Хомяковы собаки загнали в реку лосиху, бык легко ушел от них, а корова осталась и бурлит в черной, меж белых берегов реке, собаки держат ее, на обоих берегах мечутся, и в реку суются, и впереди и сзади мельтешат. Потом прыгнул Рваный, плюхнулся с берега перед лосиной мордой в реку, промахнулся, норовил вцепиться, повиснуть, поднялась лосиха в дыбы, стоптала бы Рваного, да раздался выстрел — поспел Хомяк, издали ударил лосиху по туше. Упала корова в воду, взлетел столб воды, потом дивным предсмертным прыжком метнулась она на берег — мокрая, большой странной рыбой покатилась, оставляя черный след на тонком снегу, взбрыкивая сухими длинными ногами…
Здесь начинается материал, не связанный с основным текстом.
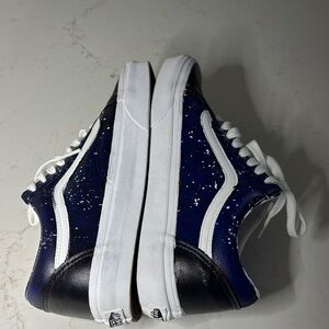 Vans sneakers with a striking black and blue design. White details add contrast. Ideal for everyday style.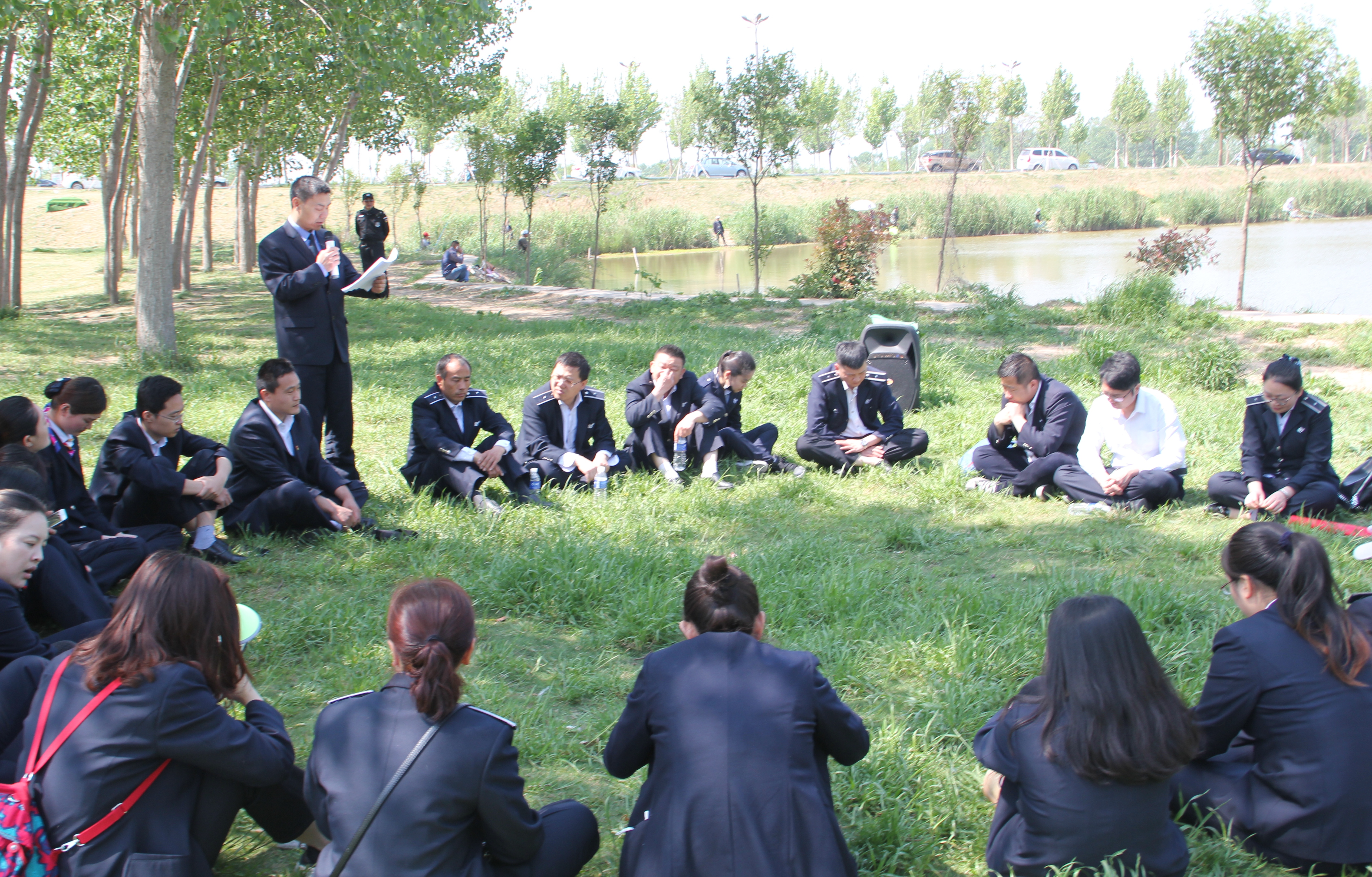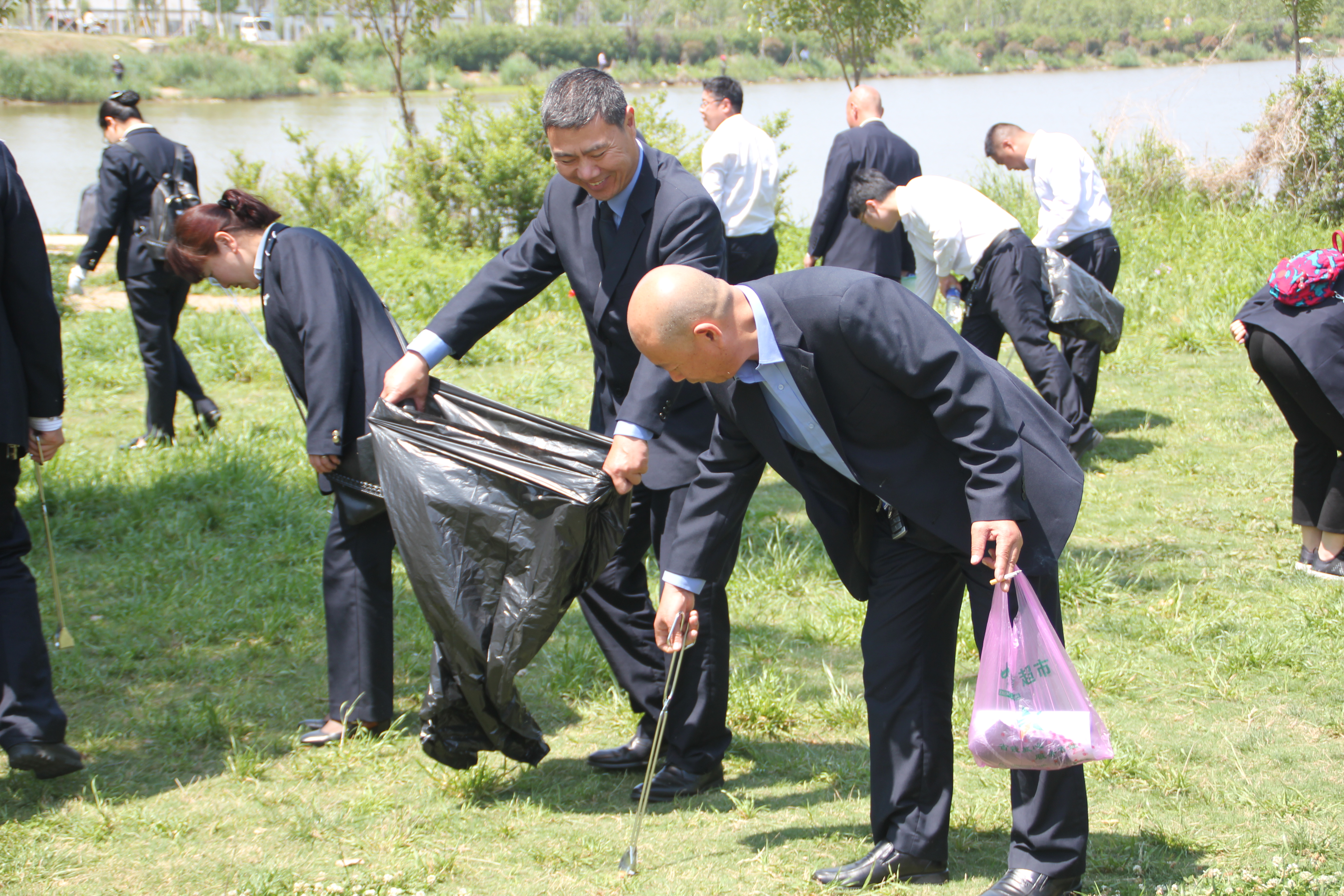 会后,青年职工和劳模们开展志愿活动,主动捡拾月牙岛周围垃圾,为绿化再点缀一片清净。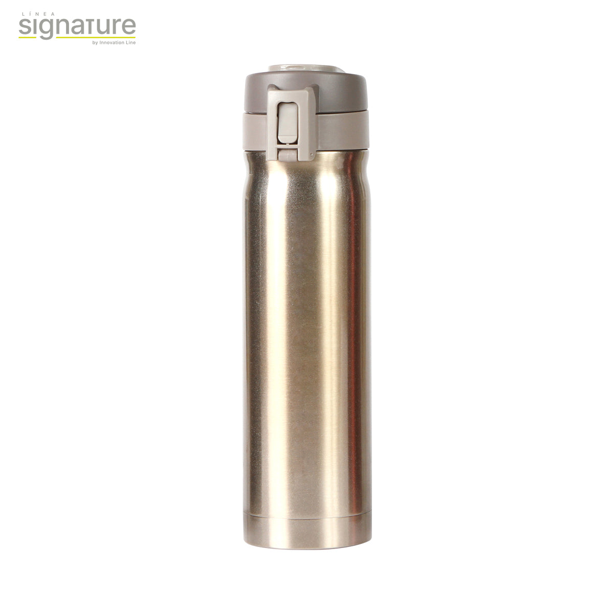 termo de acero inoxidable doble pared con tapa con seguro, fabricado en materiales de grado alimenticio, mantiene bebidas frías o calientes por un largo tiempo, no usar en microondas. capacidad de 500 ml (17 oz). incluye caja de cartón individual.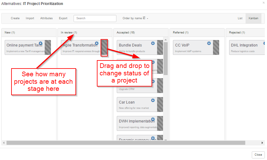 You can quickly see how many projects you have at each stage of the evaluation and approval process. There are currently 5 stages available and you can simply drag a project from one stage to the next. The 5 stages are;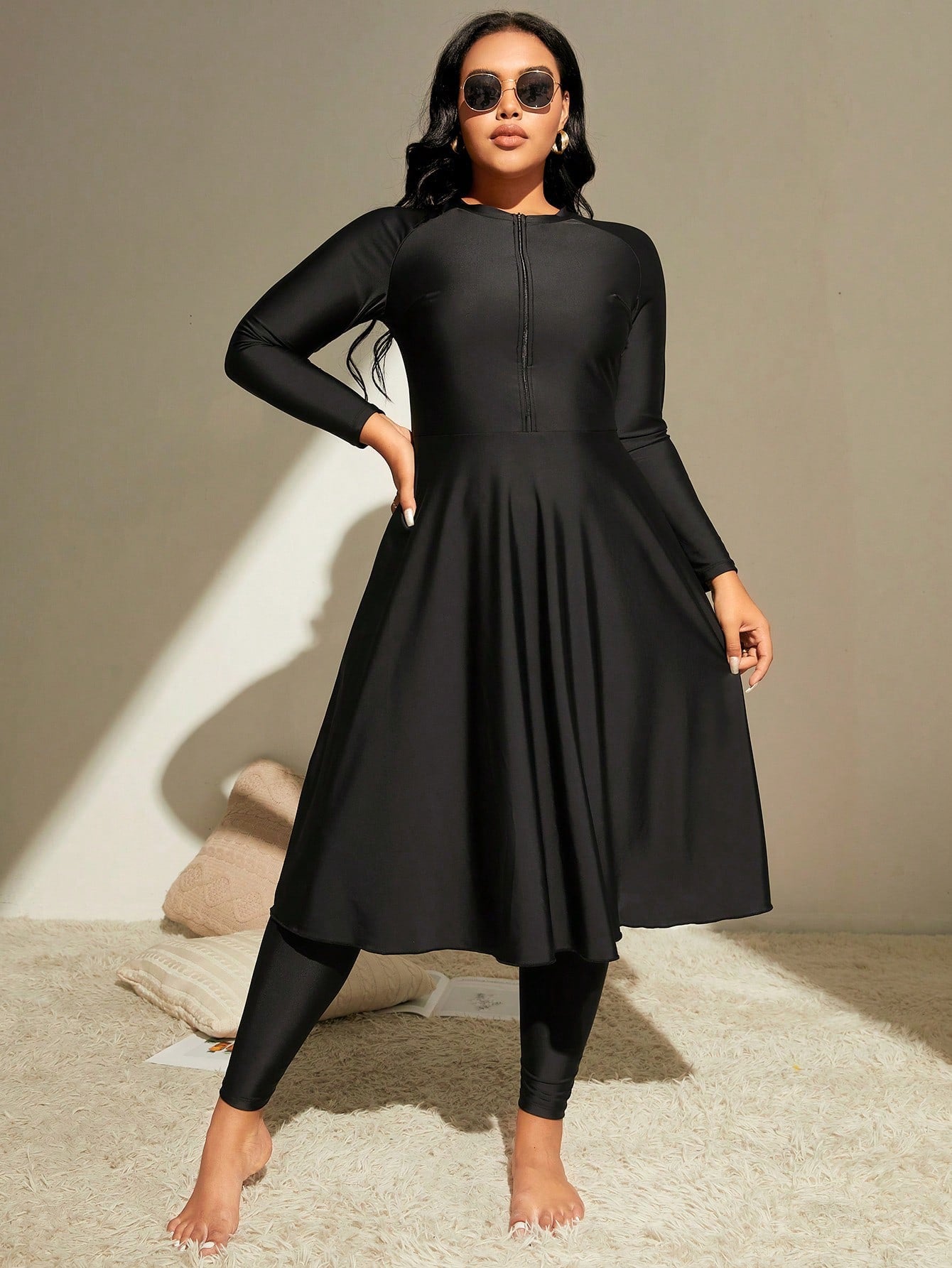 Plus size zip front Black swim dress and leggings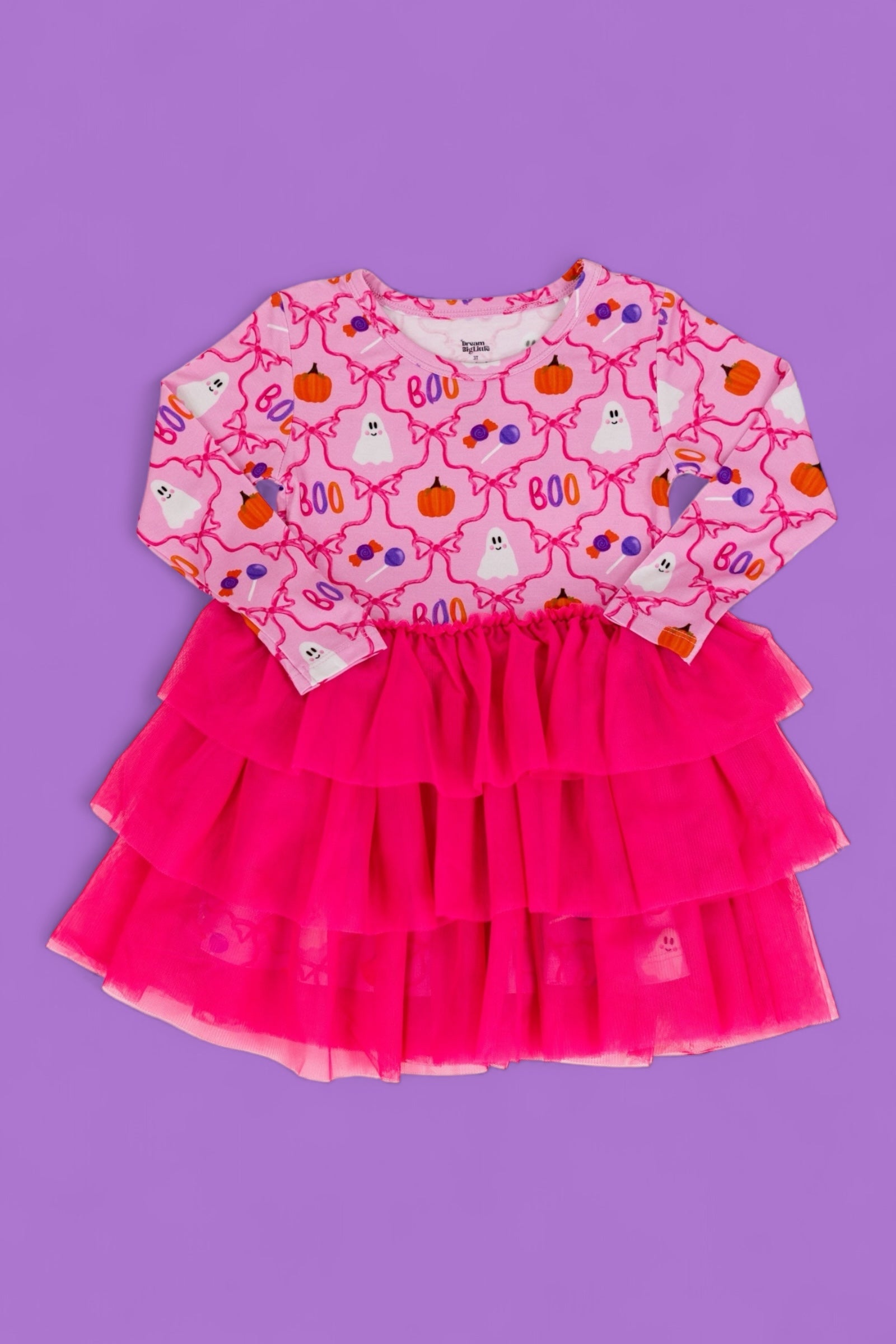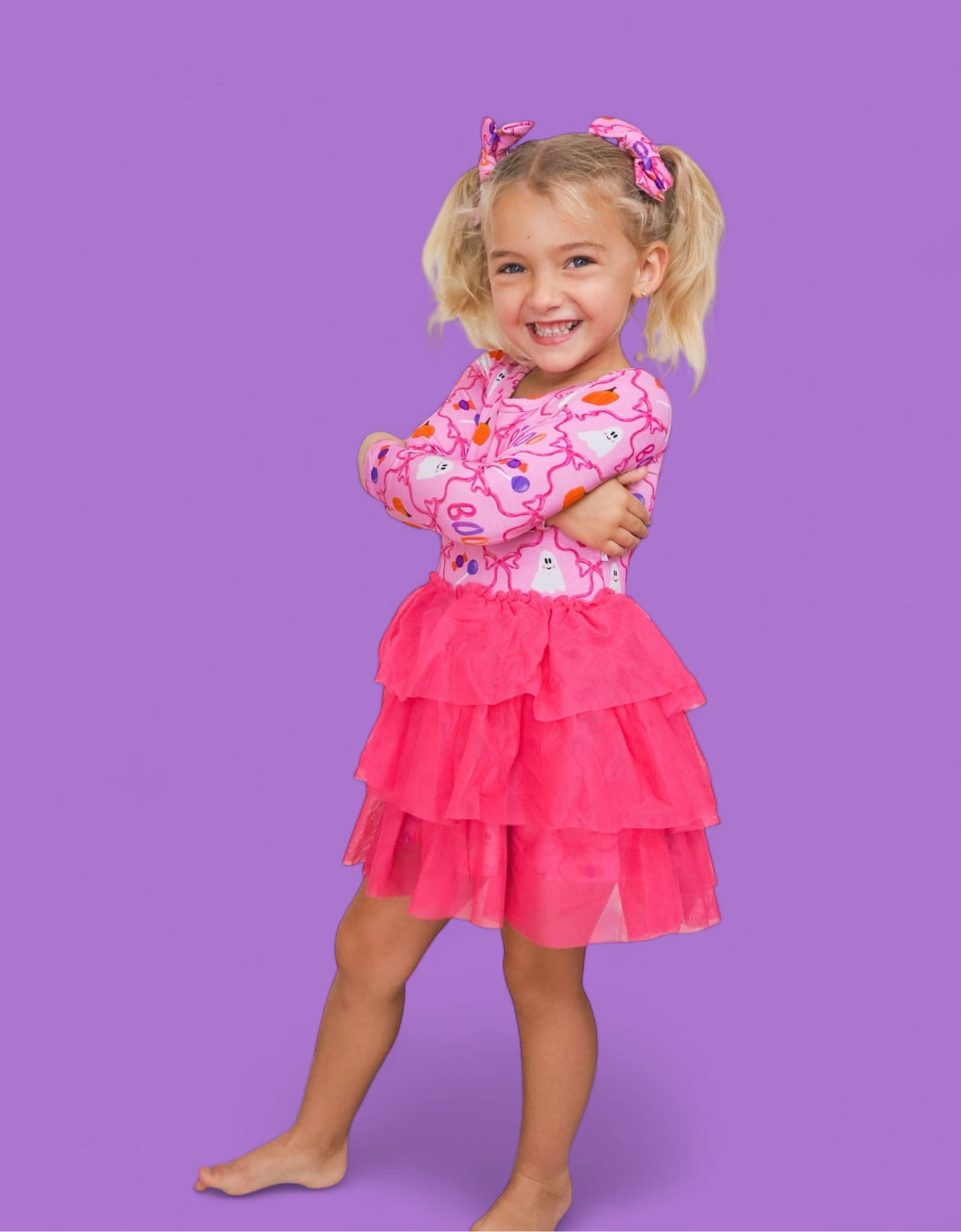 Spooky never looked so sweet! The Berry Sweet Boo Long Sleeve Dream Tutu Dress features a playful pink print filled with happy ghosts, candy, pumpkins, and pink bows—topped off with a dreamy layered tulle skirt made for twirls. With a buttery-soft bodice and cozy long sleeves, this dress is perfect for Halloween parties, trick-or-treat adventures, and boo-tiful photo ops.

Большое черное пятно среди снега. Кинулись и рвут мокрого зверя мокрые собаки.
Оскалясь, не спеша шел к добыче Хомяк, распинал свору, но встал в трех шагах, чтобы не задела, случаем, лосиха в предсмертии острым своим копытом.
Собаки вертелись вокруг лосихи, взвизгивали, дрожа от нетерпения снова вцепиться, снова рвать — судорожно напряжены были их лапы, хвосты, глаза, взъерошены загривки. Они даже не оглядывались на хозяина, не обращали внимания на его пинки и окрики. Даже глава всей собачьей семьи Хомяка — старый кобель-медвежатник Рваный — и тот дрожал мелкой дрожью, рассыпая вокруг себя ледяные брызги.
Корова затихла, перестала вскидываться, легла уродливо прекрасная голова на снег. Хомяк со спины подошел к лосихе, глянул в ее помутившиеся глаза, рванул горло острым широким ножом.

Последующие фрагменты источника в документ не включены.